And that’s pretty damn impressive for an organism without a brain. Which raises the question: Could it be that Ophiocordyceps fungi regularly invade species they aren’t capable of mind-controlling? Probably not, said de Bekker, because they didn’t evolve one of the animal kingdom’s most insanely complex acts of zombification just to be jerks to ants. They need it to survive.
Here’s Ophiocordyceps’ life cycle in full: A fungus spore lands on the cuticle of an ant, fusing to its body and building up an incredible amount pressure (equal to that in the tire of a 747 jet) to blow itself through the exoskeleton. Infiltrating the ant’s brain, it directs the host out of the colony, where workers would surely notice their comrade’s weird behavior and drag it into a graveyard well away from home base. Directing the ant up onto the underside of a leaf at a specific height and always facing a specific direction, the fungus orders the ant to bite down on the vein. At this point it kills the ant and erupts as a stalk out of the back of its head, raining spores onto its comrades below.
The fungus goes through all of this trouble to best position itself to infect more ants and further its own species. Simply killing its host, like it did to the two other ant species in de Bekker’s lab, doesn’t get it anywhere, because ants are obsessive about dragging their dead and dying into their aforementioned graveyards, where the spores have little chance of spreading.

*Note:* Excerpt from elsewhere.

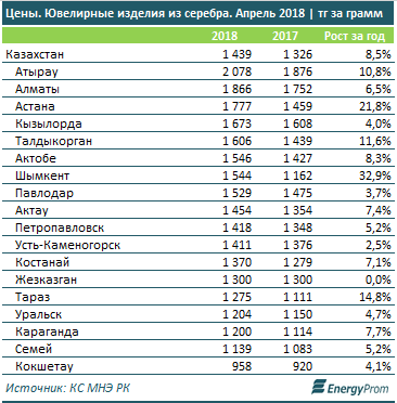 Ювелирные изделия из серебра подорожали примерно так же, как и золотые - плюс 8,5 процента год-к-году, до 1,4 тысячи тенге за грамм.

Interestingly, this North American species of Ophiocordyceps controls its victims a bit differently than its South American counterparts. “What is different about the temperate system is that these ants don't bite the leaves, they bite twigs,” said de Bekker. “Which is actually very interesting, because of course in a temperate system the trees lose their leaves over the winter, and sometimes dead ants have to overwinter into the next season for the fungus to completely grow out and make the spores and finish its life cycle.”
There is still much to be learned here, though. While in this experiment de Bekker isolated two different compounds---GBA and sphingosine in case you were interested---that seem to play a part in zombification (and perhaps tellingly also play a part in human neurological disorders), these are still just candidates. “What we do see is that there's a whole array of compounds that seem to be working together,” she said. “And this is probably also why it is so difficult to figure out what are the key compounds because it is likely that we need a mixture of different chemicals working in concert to get something as complex as this.”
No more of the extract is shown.